= Mario Salmi =

Italian art historian and art critic

Mario Salmi (San Giovanni Valdarno, 14 June 1889 – Rome, 16 November 1980) was an Italian art historian and art critic who specialized in Romanesque architecture, Tuscan sculpture and the early Italian Renaissance.

==Life and work==
After completing his laurea thesis in Law at the University of Pisa in 1910 on the problems of the protection of the artistic heritage in Italy, Salmi specialized in art history at the University of Rome under Adolfo Venturi. He was appointed professor of art history first at the University of Pisa, where he established the Istituto di Storia dell'Arte, which opened in 1929, then at the University of Florence, where he founded the Istituto Nazionale di Studi sul Rinascimento in 1937. From 1950 to 1964, he was professor of art history at the University of Rome, where he primarily taught Renaissance and Medieval art but also, for some years, modern art.

Salmi's work was mainly focused on Romanesque art and Renaissance art, with a particular fondness for the work of Piero della Francesca.
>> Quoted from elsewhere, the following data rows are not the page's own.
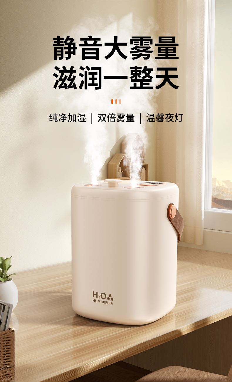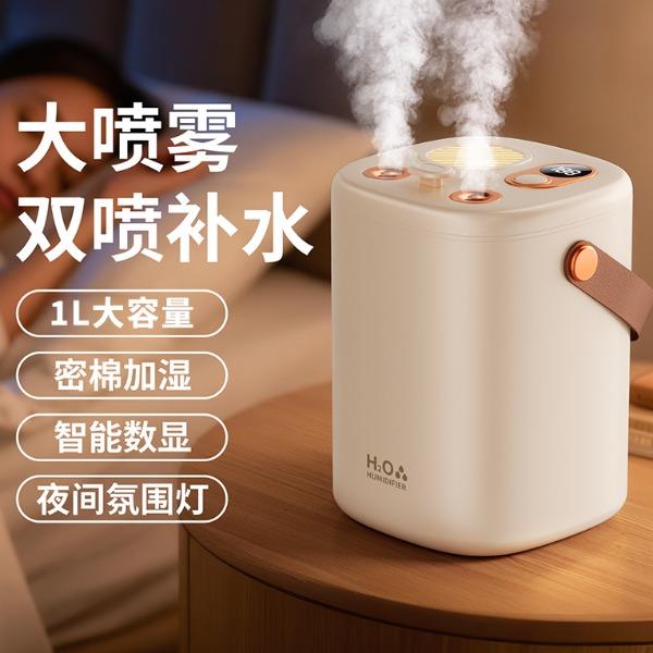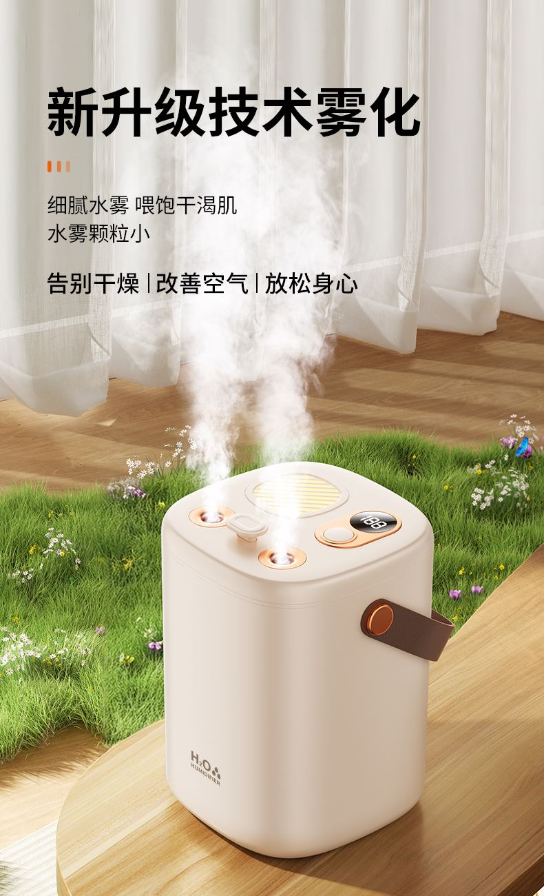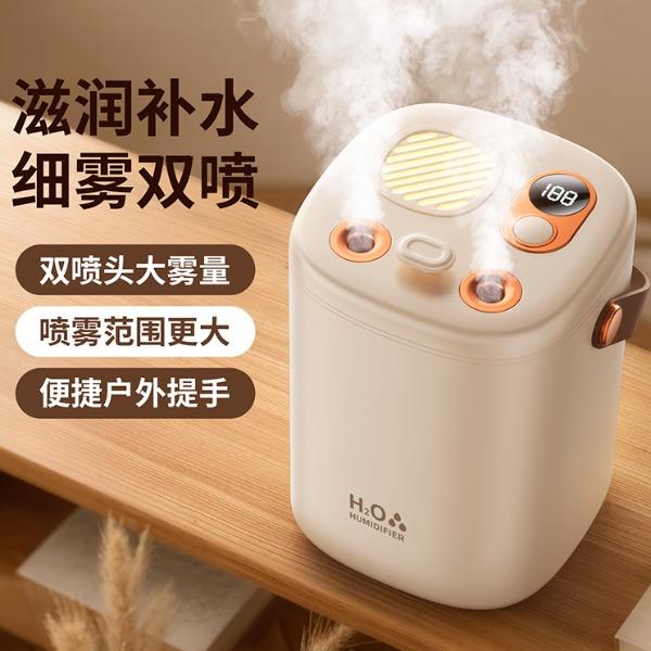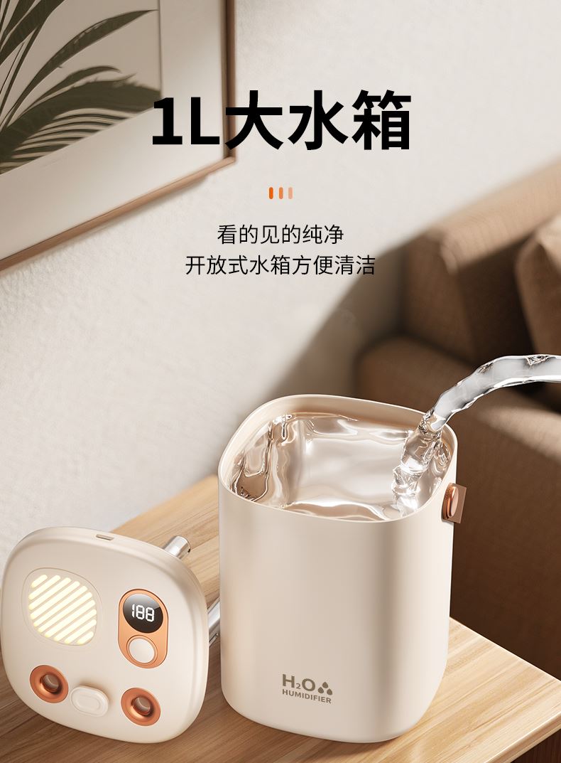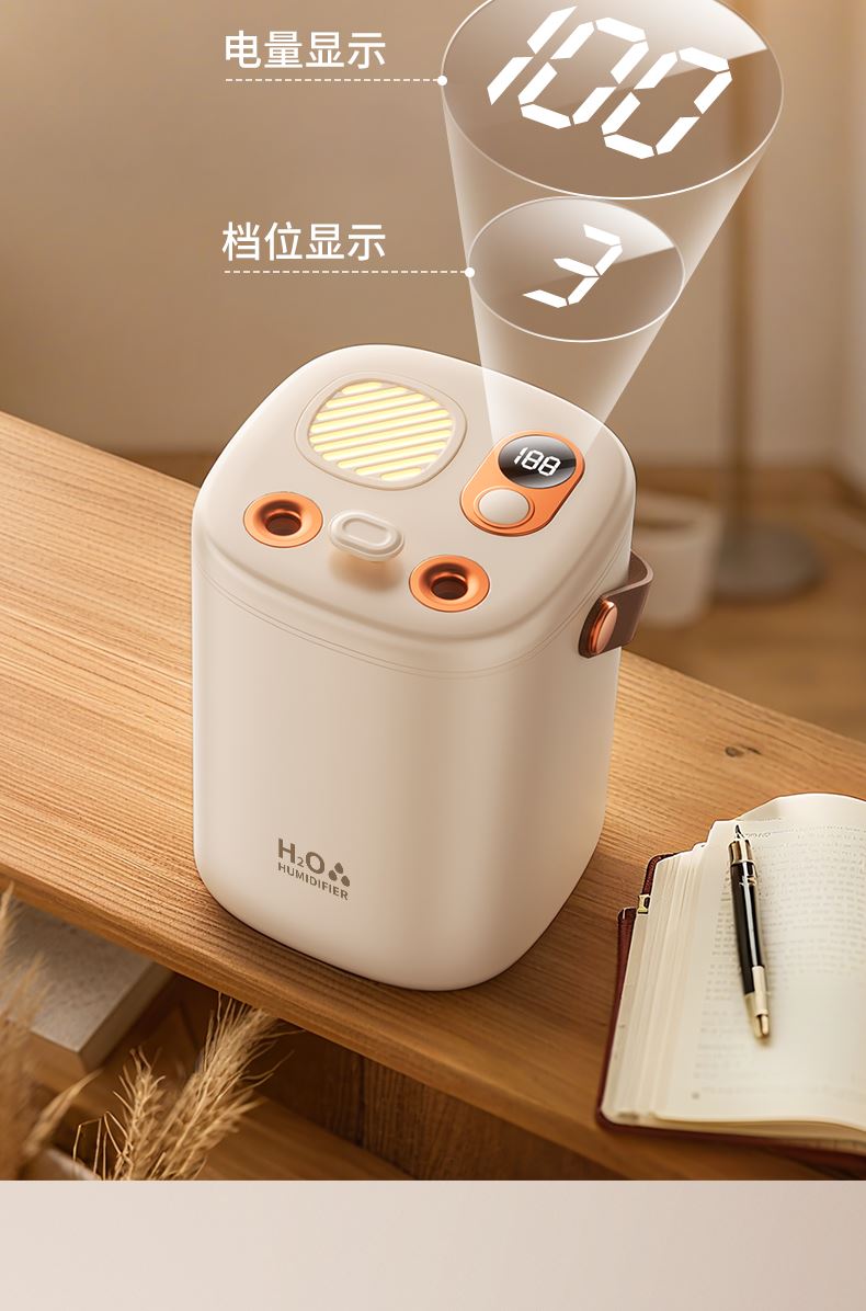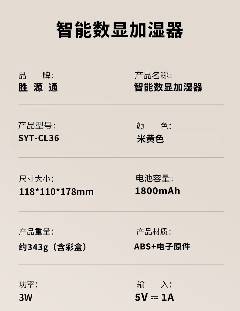 电池容量:1800毫安 颜 色: 米黄色 材 质:ABS+电子原件 水箱容量:1L 产品尺寸:118x110x178mn 滋润补水细雾双喷,节纳米级喷雾20小时长效喷雾,静音低至36DB,1L容量,自带1800mAh电池无需插电,氛围小夜灯智能LED数显,三档智能调,喷雾:3档,灯光:3档
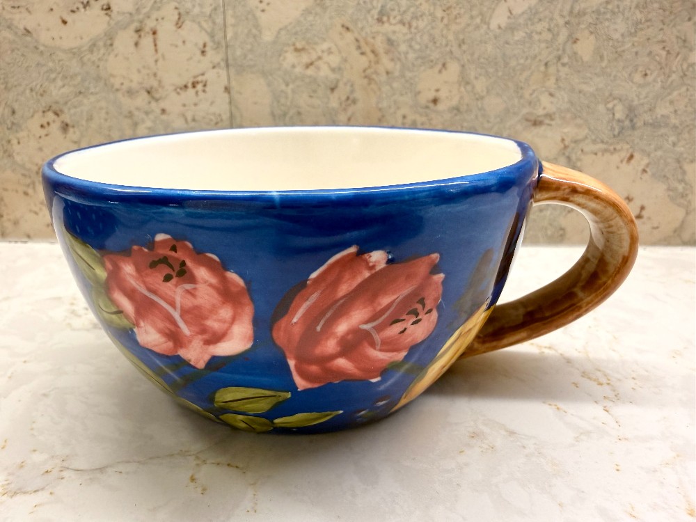 Low, wide cobalt blue mug / teacup featuring a floral design on one side and stack of books on the side. Glazed stoneware, no chips or cracks. Measures 4.75" across by 2.5" tall.
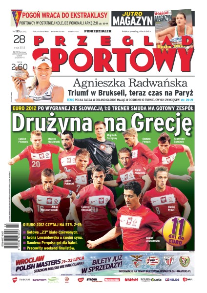 Drużyna na Grecję – po wygranej ze Słowacją 1-0 trener Smuda ma gotowy zespół; Iwona Lewandowska o swoim synu; Pogoń wraca do Ekstraklasy – Portowcy w ostatniej kolejce pokonali Arkę 2-0; Agnieszka Radwańska – triumf w Brukseli, teraz czas na Paryż – Polka zagra w Roland Garros mając w dorobku 10 turniejowych zwycięstw; Damien Perquis i jego gol dla babci; Łukasz Fabiański – największy pechowiec w polskiej kadrze; „Polacy mogą być w półfinale” – Tomasz Hajto szczerze o reprezentacji; złoto i rekord Polski – Radosław Kawęcki w efektownym stylu wygrał 200 m grzbietem na mistrzostwach Europy w Debreczynie.
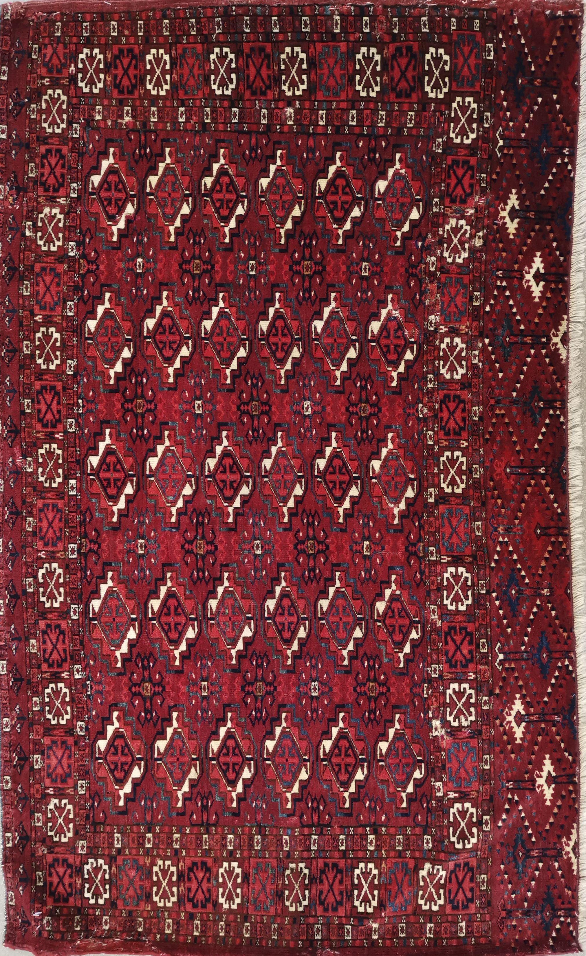 Laine à motif de semis de médaillons géométriques sur fond rouge brique, 130x80 cm.

However, apart from these main areas of interest, he ranged over a much wider field of art historical studies, from early Christian art to Baroque art, even managing to focus his interest on areas and periods hitherto neglected or undervalued by most other critics, such as Coptic art. In 1952, he founded the "Centro italiano di studi sull'alto medioevo". Always critical in his approach, he also put his attention to the so-called minor arts.

In 1949, Salmi established the art review journal Commentari. He was also supervisor of the 15-volume Enciclopedia Universale dell'Arte, published from 1958 to 1967, which was soon translated into English as The Encyclopedia of World Art.

Salmi influenced many of his students at the universities of Pisa, Florence and Rome, including Alessandro Marabottini, Enzo Carli, Umberto Baldini, John Carandente, Mirella Levi D'Ancona, among them.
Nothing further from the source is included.